MATERIAL PROVIDED:
- - - - -
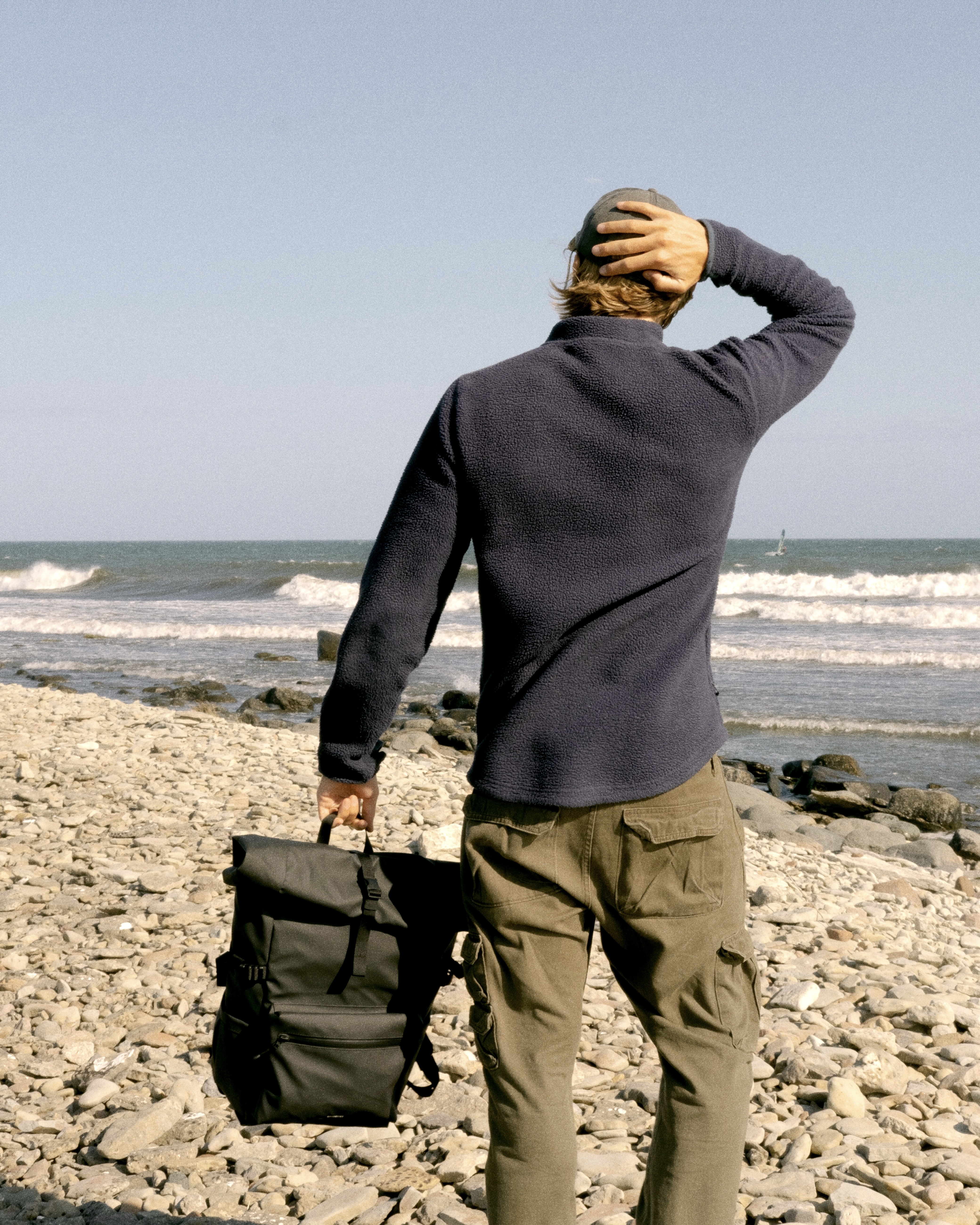 Male model carrying the backpack STREAM Rolltop Backpack L, Black, back view showing fit and size.
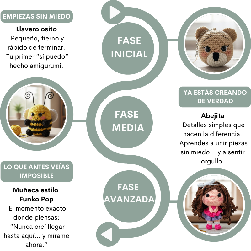 Es un recorrido pensado para que tus manos ganen confianza proyecto a proyecto, sin saltos, sin presión y sin frustración.
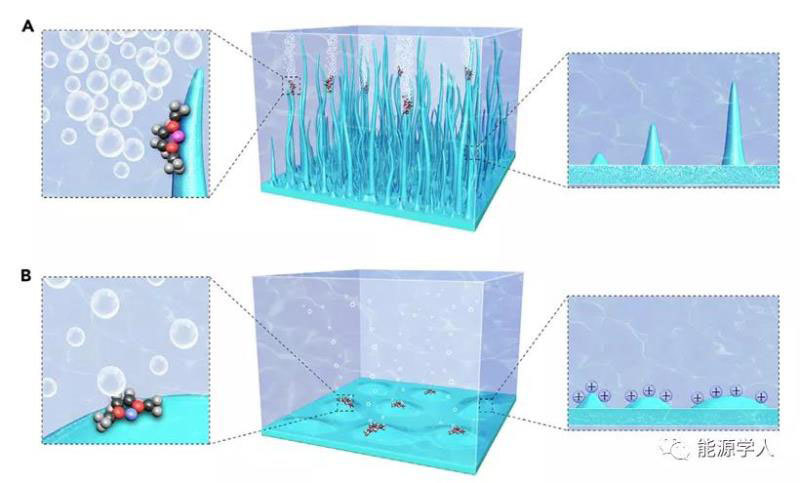 圖5 陽(yáng)離子添加劑作用示意圖。(A)不含陽(yáng)離子添加劑的電解液。電解液析氣劇烈,陽(yáng)極呈樹(shù)枝狀結(jié)構(gòu)。(B)含有陽(yáng)離子添加劑的電解液。由于靜電屏蔽效應(yīng),在一定程度上阻止了電解液析氣,陽(yáng)極呈現(xiàn)出光滑的形貌。
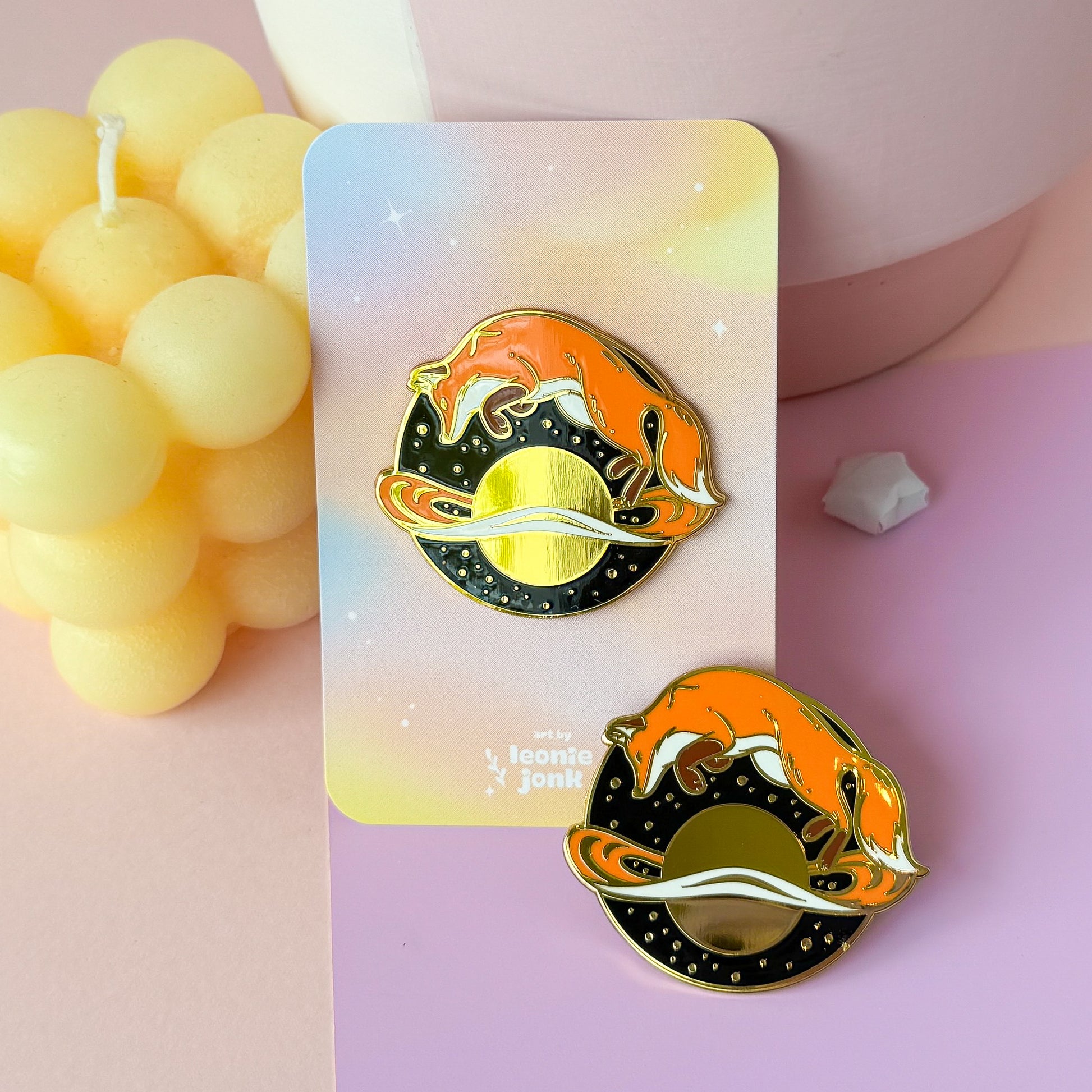 Add a touch of whimsy and wonder to your collection with this stunning enamel pin! Featuring a vibrant red fox gracefully leaping over a shimmering golden Saturn, this pin combines playful nature with celestial charm. Perfect for nature lovers, space enthusiasts, or anyone looking to elevate their style with a unique, eye-catching accessory.
- - - - -
WORK ITEM:
When copying from the data above, print only the lines from the line containing "Es un recorrido" to the line containing "圖5 陽(yáng)離子添加", exactly, and leave the pictures out.

RESPONSE FOR THIS EXERCISE:
 Es un recorrido pensado para que tus manos ganen confianza proyecto a proyecto, sin saltos, sin presión y sin frustración.
 圖5 陽(yáng)離子添加劑作用示意圖。(A)不含陽(yáng)離子添加劑的電解液。電解液析氣劇烈,陽(yáng)極呈樹(shù)枝狀結(jié)構(gòu)。(B)含有陽(yáng)離子添加劑的電解液。由于靜電屏蔽效應(yīng),在一定程度上阻止了電解液析氣,陽(yáng)極呈現(xiàn)出光滑的形貌。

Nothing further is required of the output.